» **EXERCISE DESCRIPTION**:
Nothing but the lines from the one containing "当我们戴上方正的学士帽,扣好" through the end of the data below should appear in the answer, each exact and free of pictures.

» **Records from a data collection**:
--------

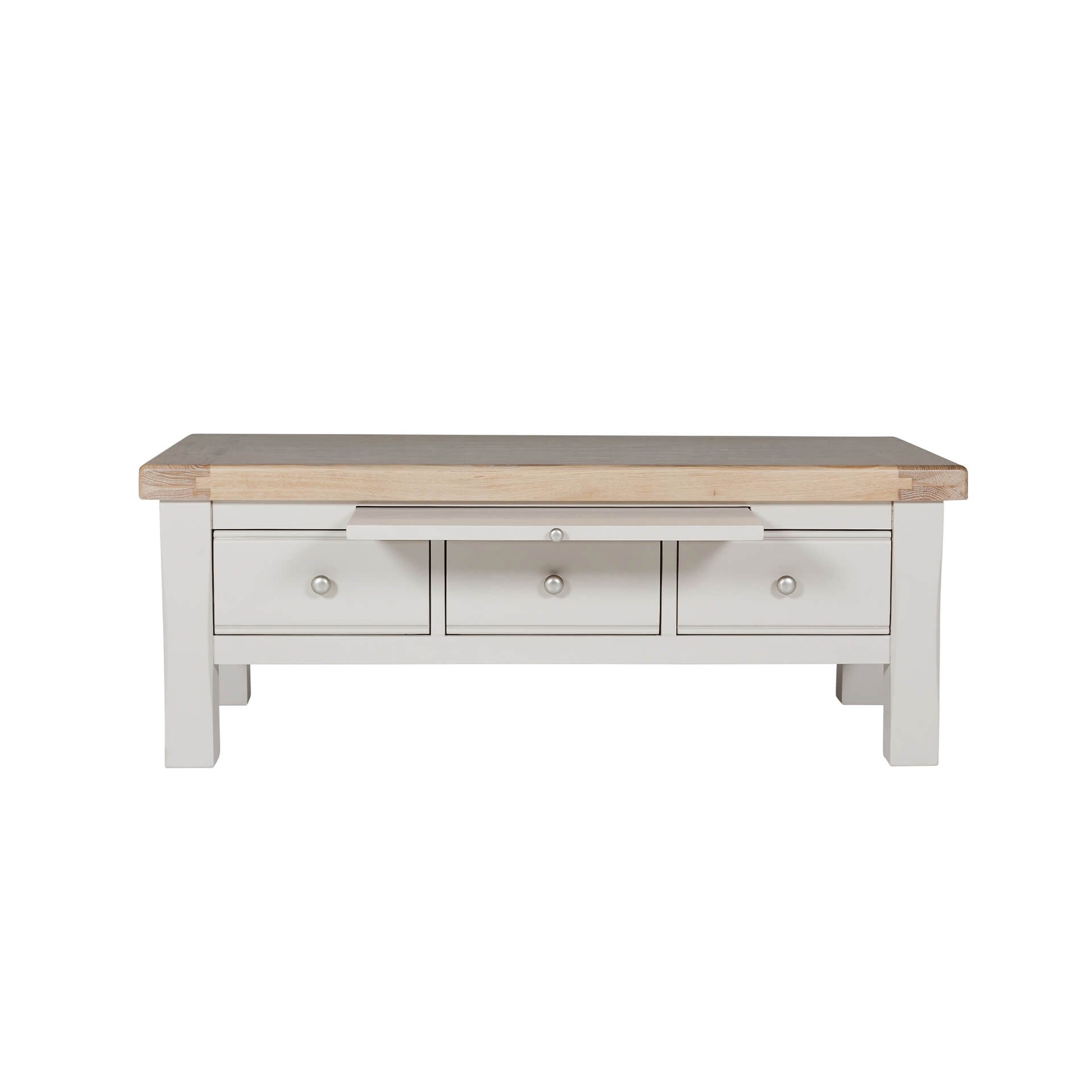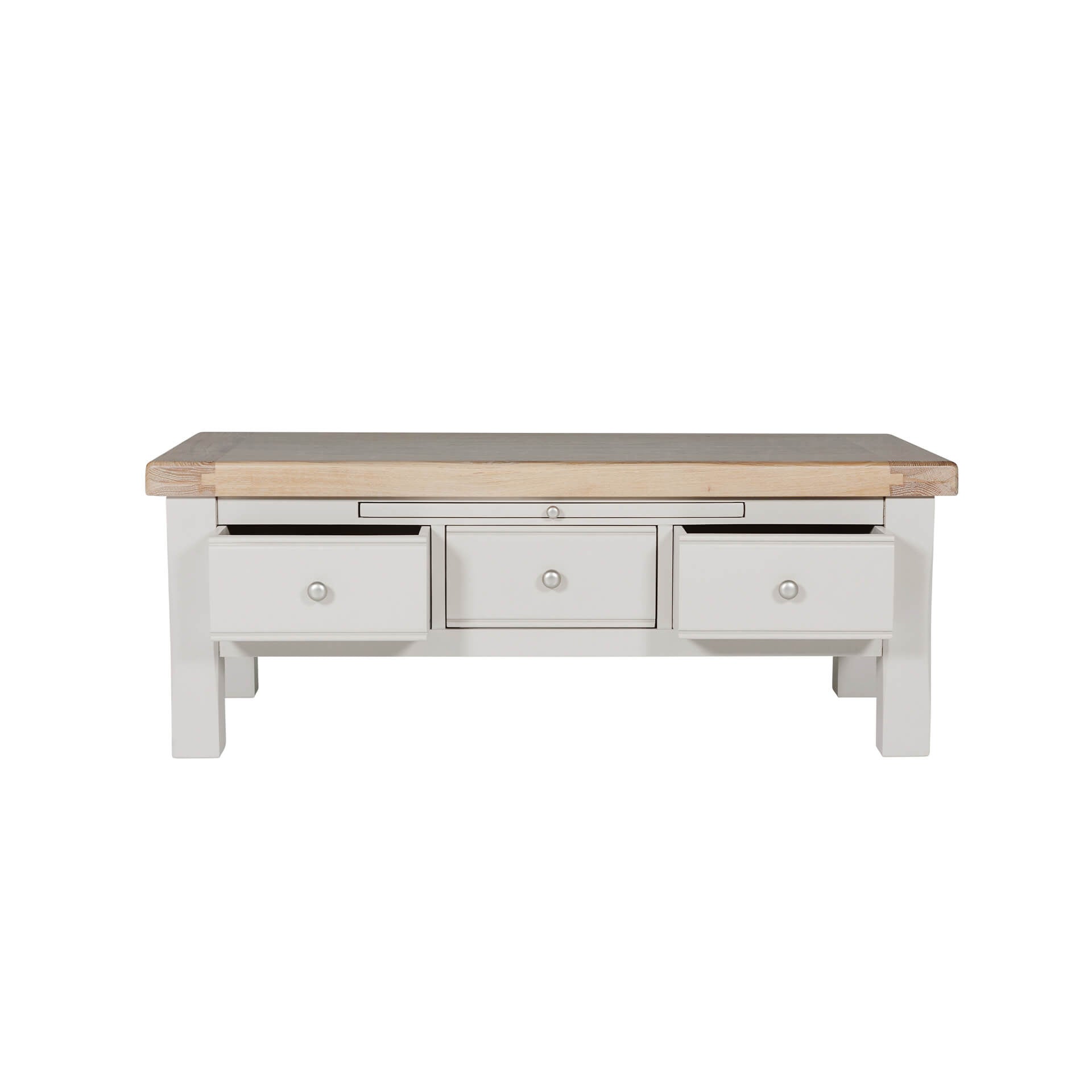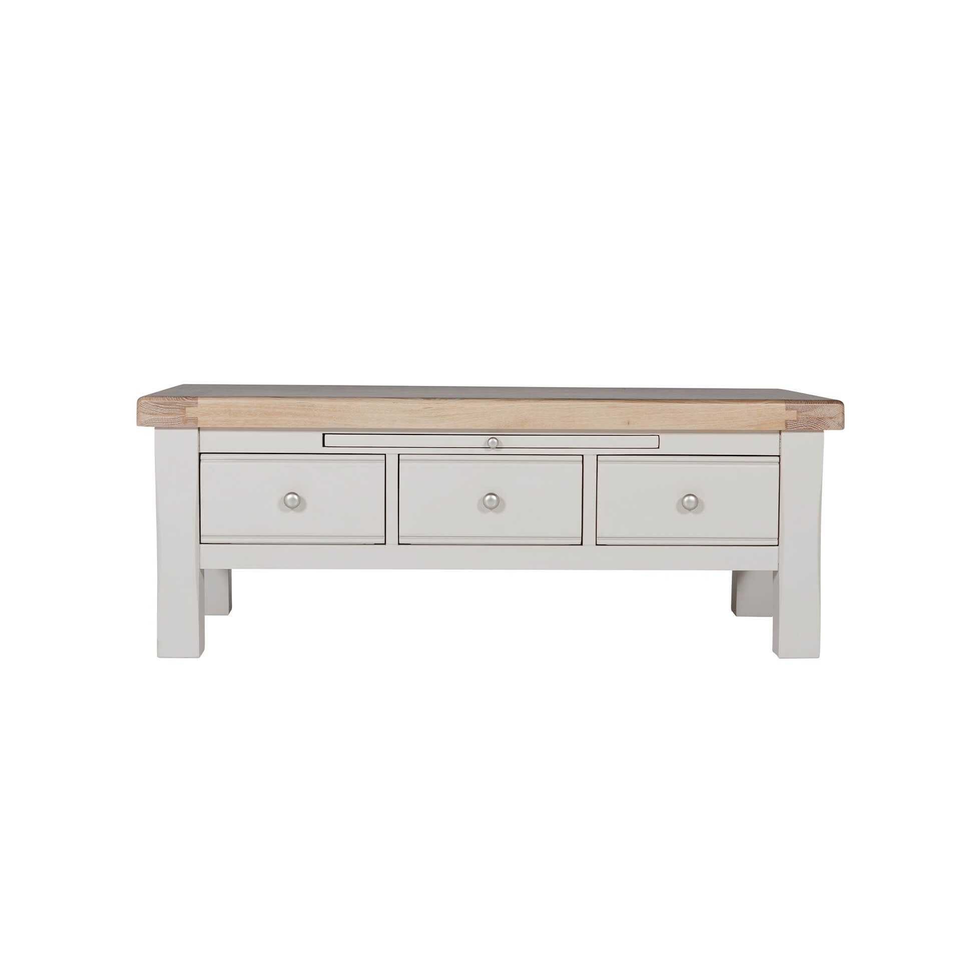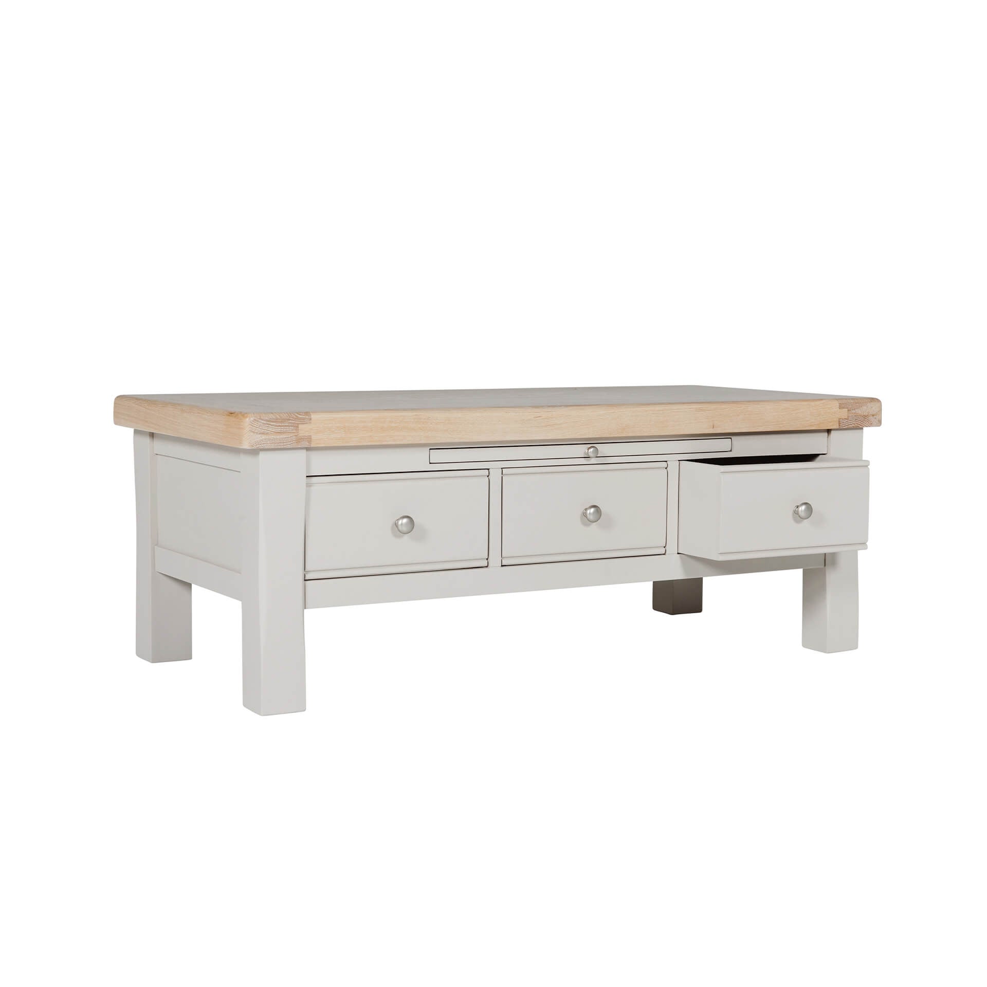 The Doune Coffee Table is a stylish and functional addition to any living room. Its sleek design and soft taupe finish complement a variety of interior styles. The three drawers offer convenient storage for remotes, magazines, or other essentials.
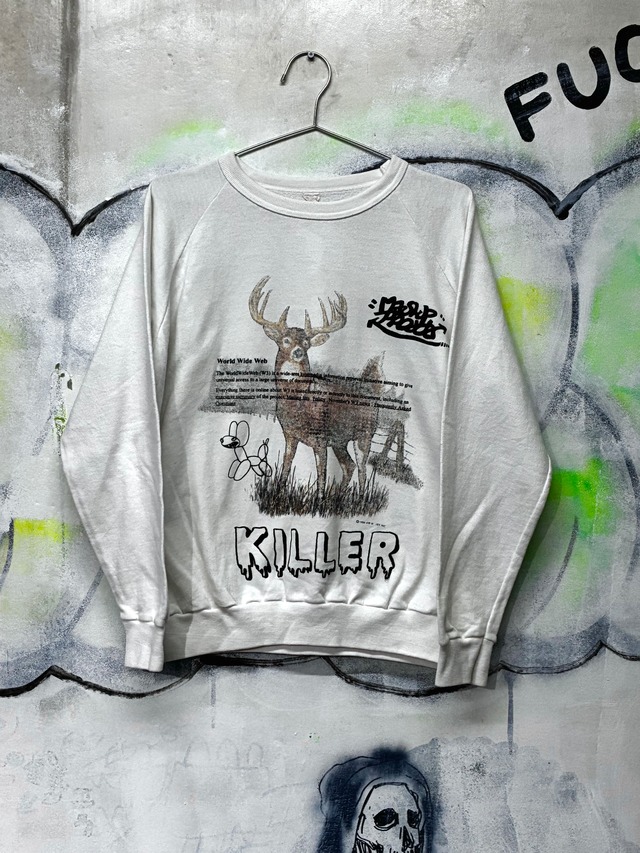 古着にシルク印刷でタトゥーを入れています。ハンティング系のスウェット。鹿に被せてworld wide web の開発理念の一部が書かれています。KILLERは、鹿が言ってるとしたら、人殺しじゃなくて鹿殺しですね。 サイズは画像でご確認ください。 古着です。シミ・汚れ・日焼け等は、その服の個性、とご理解いただける方のみご購入ください。
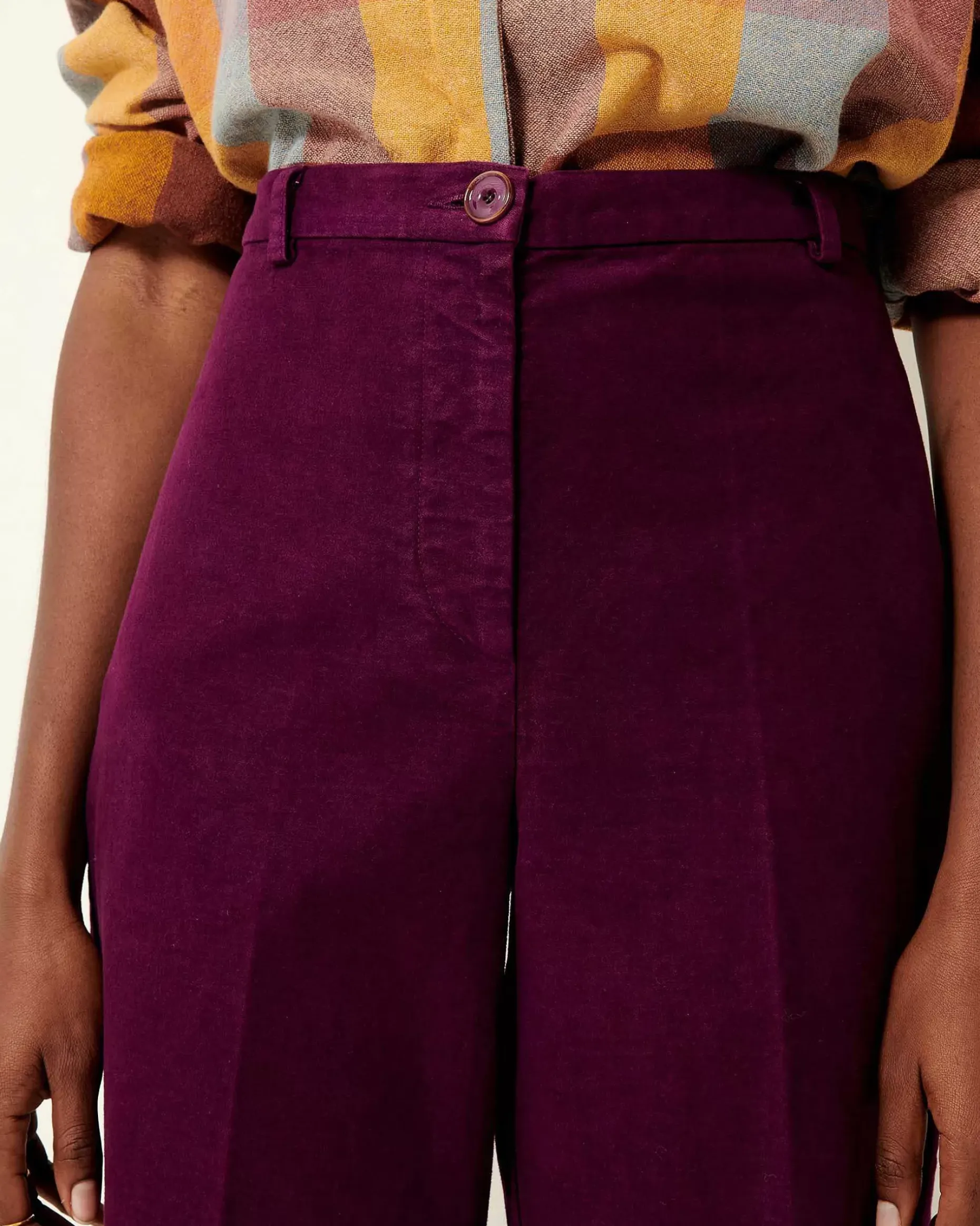 Gerade Geschnittene Hose Mit Bügelfalten Aus Angerautem, Tauchgefärbtem Gabardine In Samtoptik.
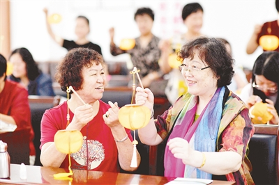 九月二十六日,在山东省青岛市崂山区金家岭街道钟家沟社区开展的迎“双节”主题活动上,居民展示“柿柿如意”花灯。新华社发(王海滨 摄)
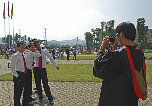 当我们戴上方正的学士帽,扣好学士袍的纽扣,扶正稍稍歪倒一边的领带,握紧绑着红线的毕业证书,将流苏拨到前面时,一起扬起嘴角的微笑,我们毕业了!(2009级西班牙语1班 吴良芊)
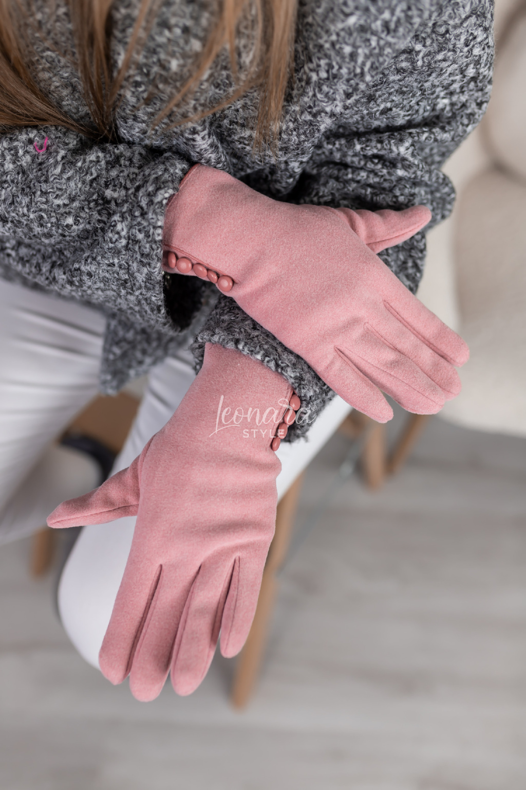 Elegantní semišové rukavice s jemnými cvočky na zápěstí působí stylově a žensky. Díky pružnému materiálu se příjemně přizpůsobí ruce a zajistí pohodlí při nošení. Na ukazováčku mají decentní květinový detail umožňující ovládání dotykového displeje. Ideální doplněk pro chladnější dny.

--------

» **EXERCISE RESPONSE**:
 当我们戴上方正的学士帽,扣好学士袍的纽扣,扶正稍稍歪倒一边的领带,握紧绑着红线的毕业证书,将流苏拨到前面时,一起扬起嘴角的微笑,我们毕业了!(2009级西班牙语1班 吴良芊)
 Elegantní semišové rukavice s jemnými cvočky na zápěstí působí stylově a žensky. Díky pružnému materiálu se příjemně přizpůsobí ruce a zajistí pohodlí při nošení. Na ukazováčku mají decentní květinový detail umožňující ovládání dotykového displeje. Ideální doplněk pro chladnější dny.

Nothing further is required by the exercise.